Absrtact: Through the analysis of the Web site log, we can well judge the health of our website, and also can see the spider crawl Records and some of the user's behavior records, so that the data for us is undoubtedly a key to enhance the site, can
Through the analysis of the website log, we can very well judge the health of our website, and can also see spiders crawl records and some of the user's behavior records, so that the data for us is undoubtedly a key to enhance the site, you can always let us see the shortcomings of the site, so as to correct. However, today's small series and you share the main spider crawling behavior, I hope to help you webmaster.
(a) The number of spiders visited, the length of stay and the number of crawls.
The following information can be learned about the data mentioned in the three minor series in the small title:
1. Average number of pages per crawl = Total Crawl/number of visits
2, one-page crawl stop = every stay/each crawl
3, average time per stay = Total stay time/number of visits
Above three points from Baidu Encyclopedia.
From these data we can see the Baidu spider in our website active degree, affinity, as well as the depth of our website content crawl and so on valid data. When our site in the total frequency of visits, the time of the spider stay, as well as the degree of crawling the site is high, from these are can see whether our site is the spider's Favorite. And in our single page of the length of the spider stay can also see our article page whether the spider's Favorite.
Tips: If you want to develop a website for a long time, the small part of the proposal that you regularly sorted out the site Data report, so that the development of our website will also have a very good help.
(ii) the Web site Directory Spiders Crawl statistics.
Through the analysis of the website log, can be very good to see which of our directories compared to the love of spiders, spiders often crawl included, and given the ranking weight status.
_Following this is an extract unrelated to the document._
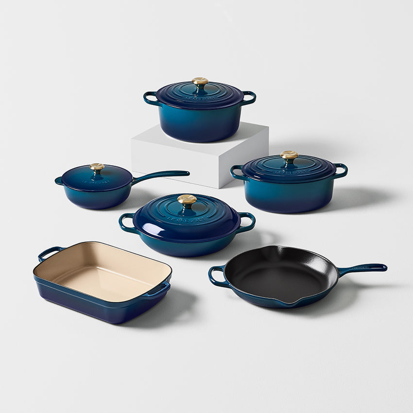 Découvrez des articles de cuisine Le Creuset en acier inoxydable, antiadhésif ou fonte émaillée colorés pour de délicieux repas faits maison. Découvrez des théières, tasses, casseroles, fours hollandais, presse française, bouilloires, tasses à café, beurriers, four à pain, mini cocotte, poêle en fonte, théière, tasse, poêle en fonte, marmite à riz, assiettes, porte-ustensiles, plat de cuisson, cocottes, moulins à sel et à poivre et ramequins, Le Creuset répondra à tous vos besoins en ustensiles de cuisine. Avec différentes tailles et formes telles que ronde, cœur, ovale et rectangulaire ou peu profonde, il peut accueillir toutes vos différentes recettes. Son esthétique distinctive avec des boutons élégants et des couleurs classiques Le Creuset comme l'artichaut, la myrtille, la cerise, la meringue, la sauge, le bleu sarcelle, l'huître, l'agave et son premier four en fonte émaillée couleur flamme sorti, et bien d'autres, vous pouvez ajouter de la couleur et du plaisir à votre cuisine. Aujourd'hui, les produits les plus populaires de Le Creuset sont en fonte émaillée, mais la marque propose également des ustensiles de cuisine et de table en acier inoxydable, en grès, en silicone, en revêtement antiadhésif renforcé, en textile et en aluminium anodisé dur, qui passent principalement au lave-vaisselle. En raison de leur qualité exceptionnelle, de leur compatibilité avec les plaques de cuisson à induction et de leurs couleurs vives, ces casseroles et poêles sont souvent transmises de génération en génération. Essayez une recette de pain maison avec un faitout , laissez infuser votre café préféré dans une presse française minimaliste ou servez le dîner dans de la vaisselle colorée avec Le Creuset, disponible chez Maison Lipari au Canada. Visitez nos magasins à Montréal, au Québec, ou magasinez en ligne sur maisonlipari.ca pour tout ce qui concerne Le Creuset.

And we can through these data can find a lot of problems, for we want to highlight the column can be pointed through the internal structure, so as to effectively increase the weight of the column and Spiders crawl degree. For those of us who do not want spiders to crawl the page can also be shielded.
(iii) Web page crawl.
Through the daily log analysis statistics, we can see which site pages are more popular with spiders, and can understand spiders in these pages crawl behavior, such as whether spiders crawl some not included in the value of the page, or repeatedly crawled some pages, We all know that this will affect the weight of other pages of our site transmission. For example, small series of site skin column is usually more than the name column crawl diligent, included healthy degree is also better, so small series now regularly in the Name column of the article added into some pictures, not only beautiful but also effective promotion of the Name column article included, so through analysis, we can Shielding spiders Crawl These worthless pages, but also effectively improve the weight of our other pages to transfer, and learn the spider more favorite page advantages to supplement the other pages of the deficiencies.
(iv) Understand whether spiders visit our pages and access the status code of the page.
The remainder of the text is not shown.